Originally filed: 2011-10-24 11:53:00 +0000

================================================================================
 #0   contributor@whatwg.org                          2011-10-24 11:53:28 +0000 
--------------------------------------------------------------------------------
Specification: http://www.whatwg.org/specs/web-apps/current-work/multipage/the-video-element.html
Multipage: http://www.whatwg.org/C#parsing-0
Complete: http://www.whatwg.org/c#parsing-0

Comment:
<track> support // and /* */ comments everywhere except in the signature line

Posted from: 85.227.157.105
User agent: Opera/9.80 (Macintosh; Intel Mac OS X 10.5.8; U; en) Presto/2.9.168 Version/11.52
================================================================================
 #1   Simon Pieters                                   2011-10-24 11:58:25 +0000 
--------------------------------------------------------------------------------
It should be possible to add comments in WebVTT files. We should use an intuitive and useful comment syntax. We have implemented // for line comment and /* */ for multiline comment. Only 35 files out of 65k contain "/*" in our set of SRT files.
================================================================================
 #2   Simon Pieters                                   2011-10-24 12:00:27 +0000 
--------------------------------------------------------------------------------
If you want to use "/*" in cue data, we could introduce an entity for slash or asterix.
================================================================================
 #3   Philip J                                        2011-10-25 11:52:51 +0000 
--------------------------------------------------------------------------------
I want to mention another idea we had for the escaping problem. Rather than escaping < as &lt; and then by necessity having &amp;, < could be escaped as <<. <> is already treated as a bogus empty tag, so we could make that official and escape // as /<>/ and /* as /<>*. Admittedly weird, but perhaps worth considering.
================================================================================
 #4   Ralph Giles                                     2011-10-25 15:53:30 +0000 
--------------------------------------------------------------------------------
I've never liked having to use entities for < and >, that seems like a major opportunity for error in converting srt or just creating the files in general, so have some sympathy for <<, but using <> as an escape digraph doesn't seem any better.

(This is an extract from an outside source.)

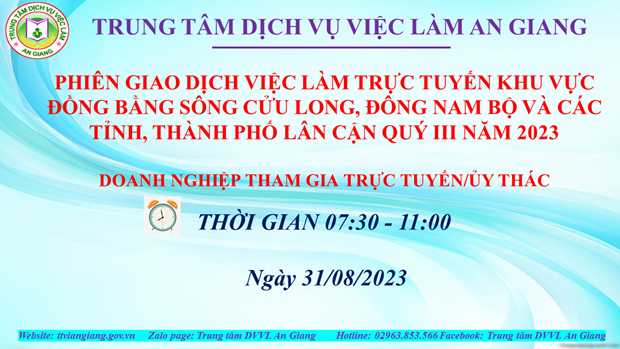 PHIÊN GIAO DỊCH VIỆC LÀM TRỰC TUYẾN KHU VỰC ĐỒNG BẰNG SÔNG CỬU LONG, ĐÔNG NAM BỘ VÀ CÁC TỈNH, THÀNH PHỐ LÂN CẬN QUÝ III NĂM 2023

I mean, it would be a great idea if everyone creating captions was an expert, but we have the opposite issue.

I would like to have a way to specify comments, and C-style is straightforward to parse, but my first thought was that I would have found shell style '#' or html-style '<!-- ... -->' comments more natural. Are there any of those in your SRT corpus?
================================================================================
 #5   Philip J                                        2011-10-25 16:13:41 +0000 
--------------------------------------------------------------------------------
(In reply to comment #4)
> I've never liked having to use entities for < and >, that seems like a major
> opportunity for error in converting srt or just creating the files in general,
> so have some sympathy for <<, but using <> as an escape digraph doesn't seem
> any better.

I agree, this is not exactly perfect. &escapes; are also not perfect, as we'd need &slash; which does not exist in HTML and almost none of the HTML escapes work in WebVTT, so it's not clear that having similar syntax is only a good thing.

> I mean, it would be a great idea if everyone creating captions was an expert,
> but we have the opposite issue.
> 
> I would like to have a way to specify comments, and C-style is straightforward
> to parse, but my first thought was that I would have found shell style '#' or
> html-style '<!-- ... -->' comments more natural. Are there any of those in your
> SRT corpus?

<!-- --> doesn't work for commenting out entire cues:

<!--
00:01.000 --> 00:02.000
Bla
-->

# occurs in 4211/65643 files. Example:

393
00:24:26,887 --> 00:24:29,276
# Hey, I know what I'm gonna do

// occurs in 2229/65643 files. Example:

510
00:40:43,500 --> 00:46:41,300
Subtitulado por aRGENTeaM
http://foro.argenteam.net
================================================================================
 #6   Ralph Giles                                     2011-10-25 17:15:45 +0000 
--------------------------------------------------------------------------------
Those are excellent points. I withdraw my suggestions for '#' and '<!-- -->'.

> // occurs in 2229/65643 files.

This makes me think // is a really bad idea too. I like just using plain text either within a cue before the timerange, or on its own as a heading, for one-line comments. Makes it harder to add extensions later, though.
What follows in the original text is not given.